Your answer must be the full listing, word for word, with no images in it.

┌─ Supplied data

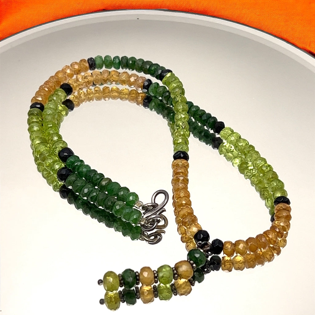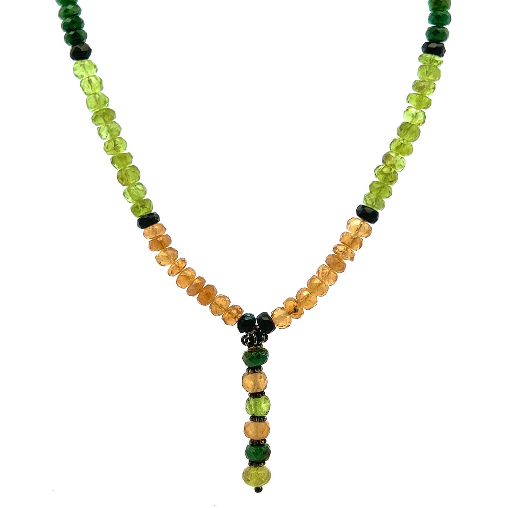 Peridot Natural, Citrine, Black Tourmaline, and Tsavorite Gemstone Necklace
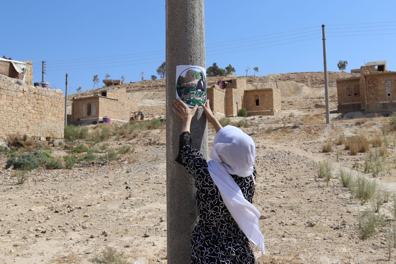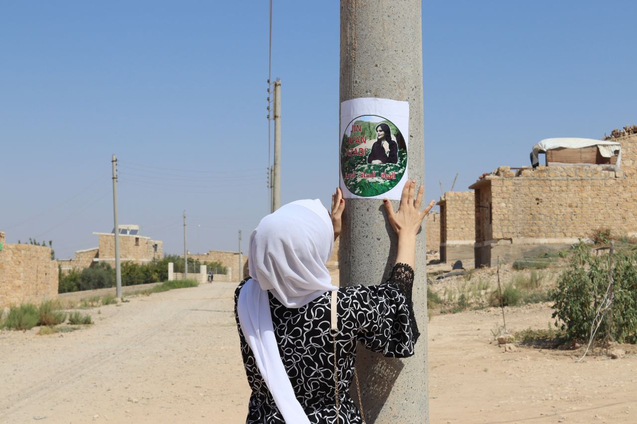 Ji bo bîranîna şehîd Jîna Emînî û ji bo mayînde kirina bîranîna wê weke jina ku li Îranê şoreşa li dijî koletiyê pêk anîye, her wiha posterên şehîd Jîna Emînî li hemû sazî û komîteyên rêveberiya sivîl a li bajarê Tebqayê û gundên wê li ser dîwarên bajêr hatine daliqandin.
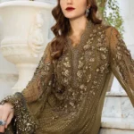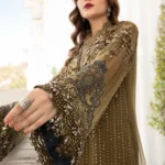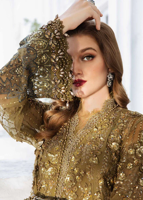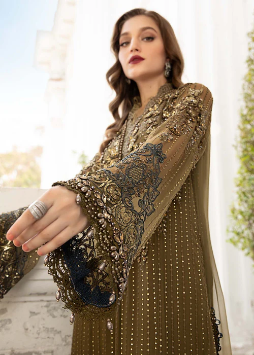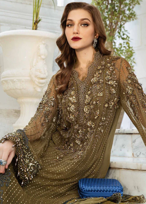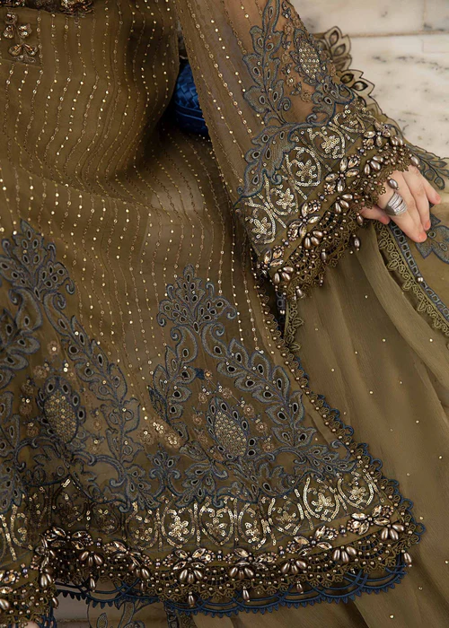 Maria B Olive Green Chiffon Dress – A Perfect Blend of Luxury & Elegance

└─

Output of the task –
 Peridot Natural, Citrine, Black Tourmaline, and Tsavorite Gemstone Necklace
 Ji bo bîranîna şehîd Jîna Emînî û ji bo mayînde kirina bîranîna wê weke jina ku li Îranê şoreşa li dijî koletiyê pêk anîye, her wiha posterên şehîd Jîna Emînî li hemû sazî û komîteyên rêveberiya sivîl a li bajarê Tebqayê û gundên wê li ser dîwarên bajêr hatine daliqandin.
 Maria B Olive Green Chiffon Dress – A Perfect Blend of Luxury & Elegance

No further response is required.